Max Adams, author of The Prometheans, looks at the art of John Martin and how in his epic landscapes of apocalyptic scale one can see reflected his revolutionary leanings.
Max Adams was born in London in 1961 and after more than twenty years as an archaeologist turned to writing. His first major biography, published in 2005, aimed to rescue the reputation of a neglected naval hero, Admiral Collingwood (Weidenfeld 2004). His group biography of artist John Martin’s circle, The Prometheans was published in 2009 and was a Guardian Book of the Week.
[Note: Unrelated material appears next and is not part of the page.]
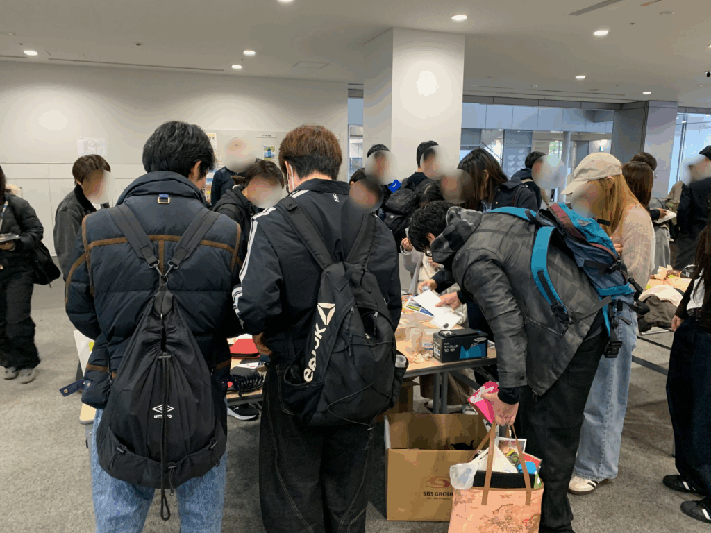 イベントが始まると、すぐに大勢の学生が集まり、品物が見えないほどの賑わいとなりました。法政学生の皆さんから集めた不要品は、机3個分にも収まりきらないほどの量で、ご協力いただいた皆様、本当にありがとうございました。

Max’s third neglected-Geordie biography, just completed, is a life of the first Englishman of whom one could write a biography: Oswald, the Dark Age Northumbrian king and saint. Max is a Royal Literary Fund Fellow at the University of Newcastle. His website: www.theambulist.co.uk/
John Martin, born in the week that the Bastille was stormed in July 1789, was an instinctive revolutionary. His generation may have suffered from a misty-eyed envy of new-found liberties in America and France, but they understood what practical revolution might mean at home and they strove to achieve liberation from repression and tyranny without bloodshed; very largely they succeeded.
Martin has often, and wrongly, been seen as a religious fanatic by a comprehensive misunderstanding of his paintings and by false association with his schizophrenic arsonist brother. He has also been portrayed as a Luddite (by critics who should have known better) and by Ruskin, a late contemporary, as a mere artisan in lamp-black. Poor Martin. Despite his very evident technical deficiencies as a painter – he inevitably suffers by comparison with his friends and contemporaries Turner and Constable – he was equally adept at creating a theatrical sense of a world undergoing irreversible change, and more fervent than either in his desire to be an engine of that change. If there were dramatists better placed to portray the dilemmas of the human condition, and one immediately thinks of Shelley and Byron, of Delacroix and Dickens, no-one came closer than Martin to designing the perfect sets on which to act out the drama: he was the supreme architect and engineer of the sublime.
To start at the curtain’s uncertain opening, we see Martin, a Geordie ingénue with a chip on his shoulder, arrive in London to find that its streets are not paved with gold but with beggars. He makes his debut in the greatest city on earth in 1806, the year in which Pitt the Younger and Charles James Fox die and in which Nelson’s pickled body is carried up the Thames in mawkish pomp. Martin struggles against more proficient competition: has insufficient imagination in his mental palette other than to paint the misty blue hills of his native Northumbria and dream of maidens in skimpy veils straight out of Ovid. By 1812 his mood has darkened: his radical friends the Hunts have been jailed for seditious libel (the Prince Regent was a fat, useless libertine, a drain on the treasury and a traitor to his Whig friends but saying so in the pages of the Examiner in such terms was asking for trouble); the first global war showed no sign of ending, nor did the horrors of wage-labour poverty. Caricaturists had a field day: they could not be imprisoned. Martin’s response was weightier, loftier. His Sadak of 1812 is a dark, portrait-format theatre flat of abysmal fire in which the struggling righteous loner (his friends the Hunts, the beggar, or Martin himself: take your pick) faces alpine odds in seeking the Waters of Oblivion.